PepsiCo is lowering prices for brands including Doritos and Cheetos by up to 15% in a bid to reignite growth and win back inflation-wary consumers who have cut back on spending.
Executives at the beverage and snacking giant said the company tested out deeper price reductions during the second half of 2025 and found these initiatives improved purchase frequency with shoppers. PepsiCo is now rolling out broader price cuts across the U.S. this week that offer “greater affordability” on certain pack sizes for brands such as Lay’s, Tostitos, Doritos and Cheetos.
“We’ve spent the past year listening closely to consumers, and they’ve told us they’re feeling the strain,” Rachel Ferdinando, CEO of PepsiCo Foods U.S., said in a release. “Lowering prices is one step — an important one — in our commitment to deliver for consumers and strengthen our brands for the future.”
Stephen Schmitt, PepsiCo’s chief financial officer, characterized the price cuts as the company “playing offense,” and that the CPG giant was “excited about the initiatives and the benefits that will come both in volume and sales growth.” The company also was optimistic that the reductions would boost the “competitiveness” of its snacks business.
PepsiCo is the latest large food company to cut back prices in a bid to fuel growth. Cheerios and Nature Valley bar maker General Mills said in December it cut prices on nearly two-thirds of its grocery products in North America, resulting in an uptick in product volume.
Food companies have been increasing prices for several years in a bid to offset rising costs, optimistic that loyal consumers would follow.
But shoppers, many of whom are dealing with higher prices across the board for everyday necessities, are "tapped out," Brian Choi, a managing partner and CEO of The Food Institute, said in a recent interview. High prices have proven especially straining for low- and middle-income consumers.
Most food companies have reported that volumes have dropped as people purchase less or switch to cheaper private-label options. During its 2025 fiscal year, volume in PepsiCo’s food division dropped 2%, the company said Tuesday.
Price cuts come in the wake of mounting pressure from an activist investor, which has pushed PepsiCo to slash expenses and take other bold steps to save money and improve margins. Last year, PepsiCo announced it closed snacking plants in Florida, New York and California and planned to reduce the number of products it sells by nearly 20%.
The savings generated from the cost-cutting moves will help fund the price reductions, the company said.

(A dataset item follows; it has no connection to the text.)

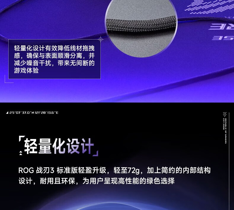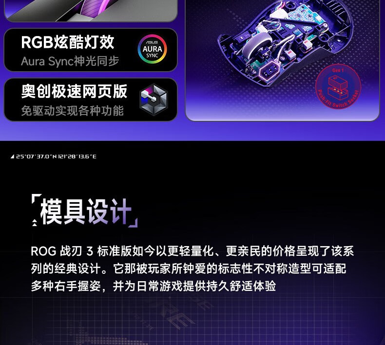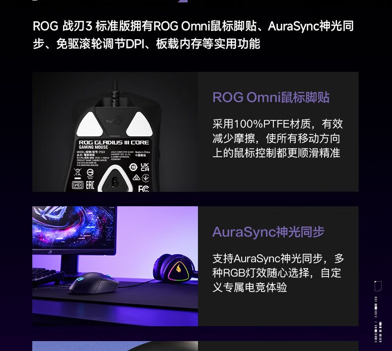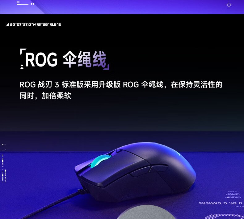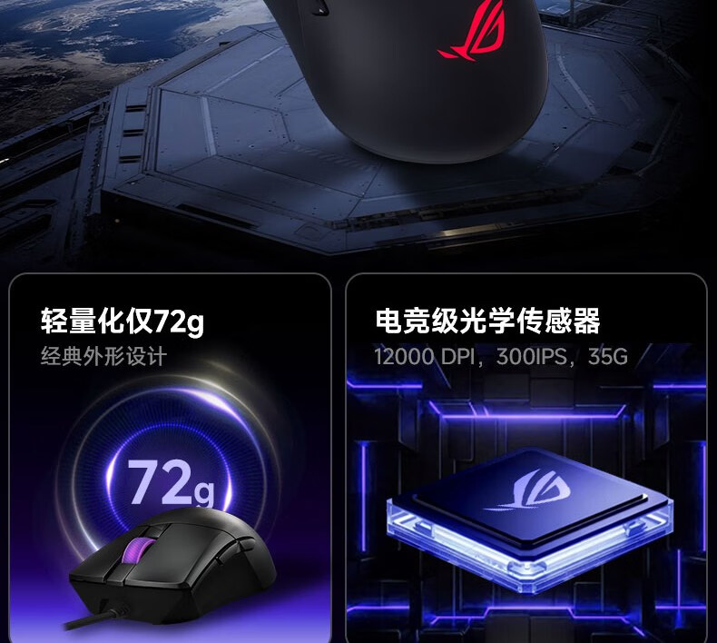 ROG战刃3标准版 有线游戏鼠标 RGB灯效 轻量化设计 人体工学 吃鸡/绝地求生/无畏契约 电竞鼠标 黑色

However, PepsiCo is not only depending on price drops to spur demand. The New York-based company has a substantial innovation pipeline that reimagines many of its core brands to meet demands from consumers around health and wellness.
PepsiCo has announced versions of Cheetos and Doritos without artificial dyes, used olive or avocado oil in some products and touted the launch of snack options with trendy ingredients, such as protein-enhanced Doritos. Its beverage business also has responded with the debut of Pepsi with prebiotics.